I have been studying technical analysis for some time now and have established a pretty firm knowledge base. I have started paper trading and am coming along nicely. 

I wanted to get a more well rounded understanding of forex trading and was looking to start exporing the fundamental side of things. what are the best ways to start doing this. Does anybody know of any sources (preferably web based) where i can refer to for the most important fundamental indicators.

I would like to start understanding what real world examples and occurances are having impacts on the forex market. 

Thanks guys and happy trading!


----------



## builder2818 (26 July 2010)

Check out Kathy Lien over at FX360.com and also Ashraf Laidi, who has some interesting market analysis.


----------



## nioka (26 July 2010)

deanj said:


> . I have started paper trading and am coming along nicely.



.

I am interested in how you set the buy and sell values for your paper trades. How you establish the values is important. It is not just a case of using the best prices that someone else has obtained that day. You need to take your place in the queue in the real world.

eg. I have been trying to trade VPG. I took my place in the buy queue and it took a week to buy even though most days there were sales at my buy price. Then it has taken a week to get to the sell price which was today but only half my order went through before the price slipped. I have watched the open and close auctions too with no success.

 I have the same problem with other stocks at the moment.


----------



## It's Snake Pliskin (26 July 2010)

nioka said:


> deanj said:
> 
> 
> > . I have started paper trading and am coming along nicely.
> ...




Whatever analysis is used liquidity is an issue determining what prices we get.


----------



## brty (26 July 2010)

nioka,



> I took my place in the buy queue and it took a week to buy even though most days there were sales at my buy price. Then it has taken a week to get to the sell price which was today but only half my order went through before the price slipped. I have watched the open and close auctions too with no success.
> 
> I have the same problem with other stocks at the moment.




Which is the exact reason why I only trade stocks where there is always liquidity, (nearly always, nothing can help on a day like the crash day '87). There are even plenty of ASX 200 companies that when you wish to move $20-$50k of stock you can have difficulty without moving the price.

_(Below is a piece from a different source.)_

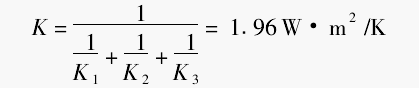 经济技术比较后[5],鉴于办公楼的外墙都为370mm厚,可采取在保留旧普通铝合金窗的基础上,在其外侧增装一个塑钢窗。那么,原来铝合金窗的传热系数K1=6·2W/(m2·K),新的塑钢窗的传热系数K2=4·7W/(m2·K),两个窗户之间至少有10mm以上的静止空气层K3≤7·3W/(m2·K),这样,组合窗的传热系数K近似计算为: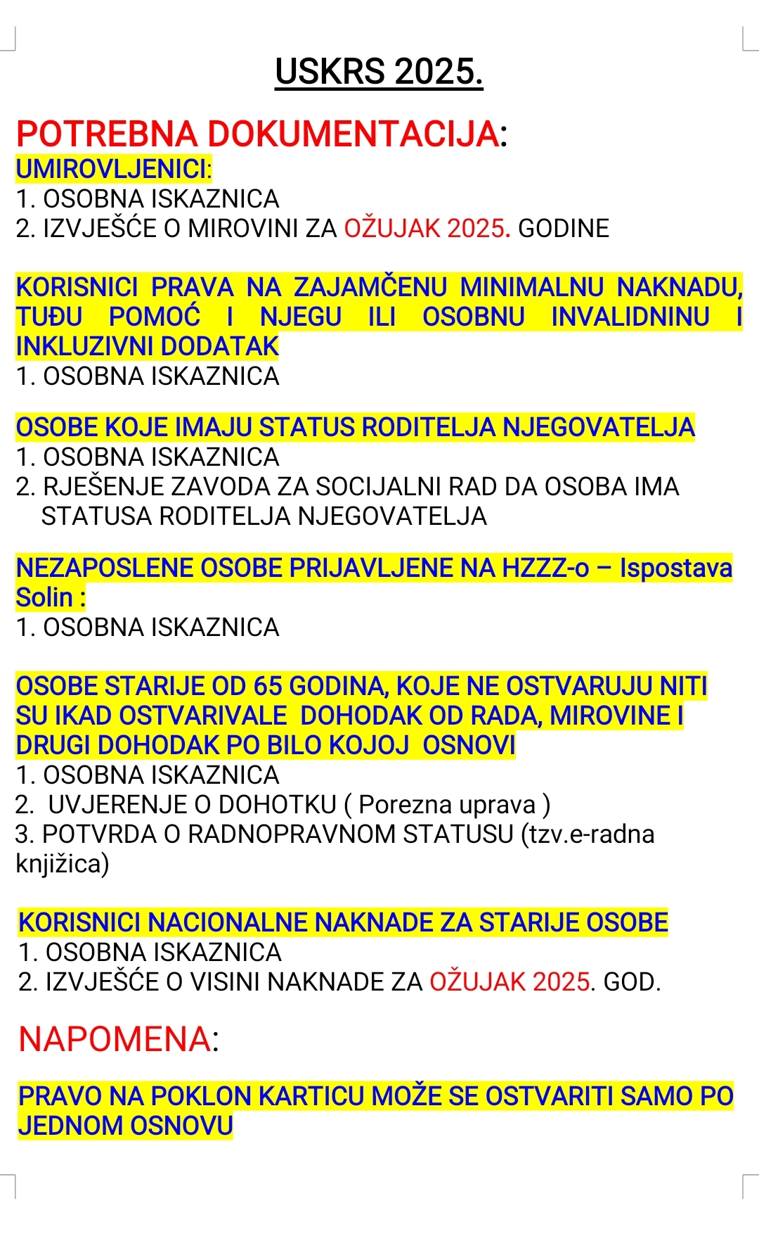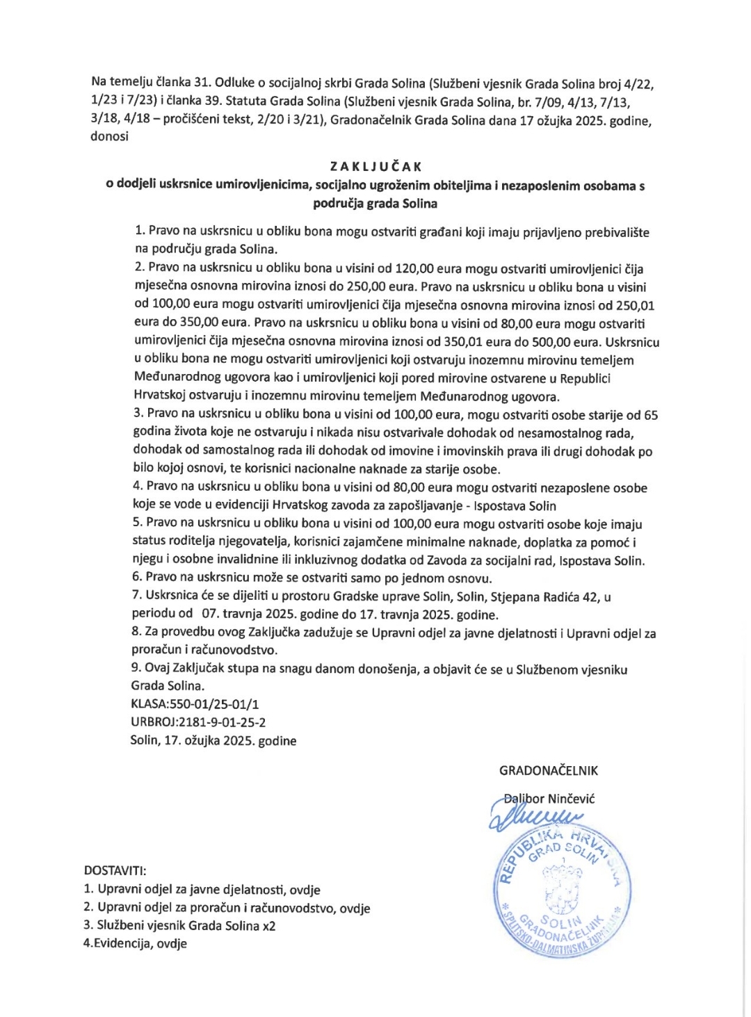 Na temelju članka 31. Odluke o socijalnoj skrbi Grada Solina (Službeni vjesnik Grada Solina broj 4/22, 1/23 i 7/23) i članka 39. Statuta Grada Solina (Službeni vjesnik Grada Solina, br. 7/09, 4/13, 7/13, 3/18, 4/18 – pročišćeni tekst, 2/20 i 3/21), Gradonačelnik Grada Solina dana 17. ožujka 2025. godine, donosi Zaključak o dodjeli uskrsnice umirovljenicima, socijalno ugroženim obiteljima i nezaposlenim osobama s područja grada Solina.

My personal opinion on paper trading is that it is bunk. There are not the same psychiatrics involved, therefore it is not like trading. Sure work out a useable system on paper, but nothing will give you the feel of the market as the market. Just make sure you use "few" dollars too start with.

brty


----------



## ipndasno (29 July 2010)

deanj said:


> Hey guys,
> 
> I have been studying technical analysis for some time now and have established a pretty firm knowledge base. I have started paper trading and am coming along nicely.
> 
> ...




I know you mentioned Web based Source. But this Book Helped me out 100x the cost of the book. 

"The Secrets of Economic Indicators" second edition Hidden clues to Future Econic Trend and Investment Opportunities.  BY Bernard Baumouhl.

It is easy to understand all the econ jargin. And, It makes Picking out the Important indicators while ignoring the less important.

I am an FX trader, and the first thing that I do on a daily basis, Is Visit Forex factory for their Economic Calendar. Understanding and keeping up to date with Econ News, will get you thinking like an Investor and Speculator, 

Remember that Speculators Move the Market while the Investors Stay in the Market. I hope that makes sense to you!!


----------